Daylighting creeks is widely embraced these days. But the concept was quite controversial when initially proposed in 1982 for Berkeley’s Strawberry Creek, one of the earliest known daylighting projects in the country. “It was seen as a wacko, dangerous, fringe idea,” recalled Ann Riley, cofounder of the Urban Creeks Council, a Berkeley-based nonprofit dedicated to stewardship of Bay Area streams. “There were worries about endangering children.” City officials also feared that bringing the creek above ground again would cause trash buildup and flooding.

Strawberry Creek runs freely through much of the UC Berkeley campus and then disappears underground, generally paralleling University Avenue until reaching the Bay. The city’s concerns notwithstanding, community activists prevailed and the stream now resurfaces in Strawberry Creek Park, where a 200-foot section was daylighted in 1984.

“The Strawberry Creek project is widely considered the archetype of daylighting,” according to a year 2000 Rocky Mountain Institute report called Daylighting: New Life for Buried Streams. “It inspired many other projects.” While buried creeks have been re-exposed here and there around the country, the practice really took off in the Bay Area.

Riley rapidly ticked off a dozen or so local projects, including a recent one at Cerrito Creek that illustrates the turnaround in institutional perceptions of daylighting. Instead of voicing objections, as the City of Berkeley did in the early 1980s, the City of El Cerrito actually required re-exposing a 180-foot stretch of the creek as a condition for developing an apartment complex adjacent to the El Cerrito Plaza shopping center. “There’s been a huge political attitude change,” said Riley, who chronicles this evolution in her 2016 book Restoring Neighborhood Streams. “It really is remarkable.”

To raise awareness of the Bay Area’s many creeks, in the early 1990s the Oakland Museum of California began mapping Bay Area creeks both above and below ground. “They wanted maps that people could carry around to find their creeks,” said Janet Sowers, a geologist at Fugro Consultants, a Walnut Creek-based environmental engineering firm, who has worked on the project since the very beginning.

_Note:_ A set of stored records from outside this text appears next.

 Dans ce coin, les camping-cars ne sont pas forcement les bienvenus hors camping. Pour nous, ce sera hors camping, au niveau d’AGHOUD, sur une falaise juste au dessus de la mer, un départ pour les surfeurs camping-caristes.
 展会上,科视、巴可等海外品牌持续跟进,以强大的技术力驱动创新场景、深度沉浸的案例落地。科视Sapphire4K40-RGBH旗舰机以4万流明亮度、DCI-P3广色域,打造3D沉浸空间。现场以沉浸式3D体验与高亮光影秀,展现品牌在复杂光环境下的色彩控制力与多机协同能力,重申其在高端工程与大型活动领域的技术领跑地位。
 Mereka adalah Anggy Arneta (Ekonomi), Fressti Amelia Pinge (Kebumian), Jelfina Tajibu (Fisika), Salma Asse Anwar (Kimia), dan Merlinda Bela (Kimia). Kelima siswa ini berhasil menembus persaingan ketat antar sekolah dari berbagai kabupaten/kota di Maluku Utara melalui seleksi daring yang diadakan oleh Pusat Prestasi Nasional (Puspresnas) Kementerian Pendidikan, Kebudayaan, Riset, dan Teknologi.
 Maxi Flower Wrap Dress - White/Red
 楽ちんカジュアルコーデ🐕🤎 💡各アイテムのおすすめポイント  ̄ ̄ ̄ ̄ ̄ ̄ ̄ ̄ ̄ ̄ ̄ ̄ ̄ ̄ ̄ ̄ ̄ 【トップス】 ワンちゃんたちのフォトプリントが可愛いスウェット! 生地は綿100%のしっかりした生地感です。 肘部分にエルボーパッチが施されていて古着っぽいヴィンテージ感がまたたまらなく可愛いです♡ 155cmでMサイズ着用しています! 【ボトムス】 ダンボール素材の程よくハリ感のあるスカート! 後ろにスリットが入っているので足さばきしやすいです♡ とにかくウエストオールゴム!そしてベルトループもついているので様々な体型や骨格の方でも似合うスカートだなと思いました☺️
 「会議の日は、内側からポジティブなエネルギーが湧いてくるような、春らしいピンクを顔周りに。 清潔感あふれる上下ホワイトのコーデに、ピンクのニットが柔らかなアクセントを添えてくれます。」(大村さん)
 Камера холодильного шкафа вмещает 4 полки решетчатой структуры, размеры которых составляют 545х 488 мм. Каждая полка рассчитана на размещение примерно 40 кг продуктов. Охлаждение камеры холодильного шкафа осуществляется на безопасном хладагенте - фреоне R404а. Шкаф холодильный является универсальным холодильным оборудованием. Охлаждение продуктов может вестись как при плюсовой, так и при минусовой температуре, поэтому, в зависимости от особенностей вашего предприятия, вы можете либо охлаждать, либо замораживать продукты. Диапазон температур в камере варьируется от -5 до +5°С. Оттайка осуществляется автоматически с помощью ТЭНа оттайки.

The first map covered Oakland and Berkeley, tracing the meandering paths of historical creeks as well as their highly-altered modern routes. “Creeks still flow from the hills to the Bay, so it’s still a watershed,” Sowers said. “But in general, there is more underground stormdrain network than original creek network.”

Free-flowing creeks are depicted in blue while culverted waterways are in gold. The City of Berkeley, for example, has a scattering of blue squiggles but is dominated by straight gold lines that show where water is shunted underneath the city and down to the Bay. “The map was so popular we kept going,” Sowers said. “We now have 17 maps around the Bay.” Creek maps are available from the Oakland Museum store, and there is also an online Google Earth version for Alameda County.

Major funding for the creek mapping project came from the Alameda County Flood Control and Water Conservation District, and the Santa Clara Valley Water District. The motivation, Sowers explained, was to reduce water pollution. Knowing about the waterways around — and below — us could instill mindfulness of the connections between our actions and ecological health. For example, people contaminate streams with excess fertilizer and pesticides from gardens as well as oil and other toxic chemicals from streets. “If citizens are more informed and engaged, they are more likely to be good stewards of creeks,” Sowers said.

Robin Meadows covers water for the Monitor.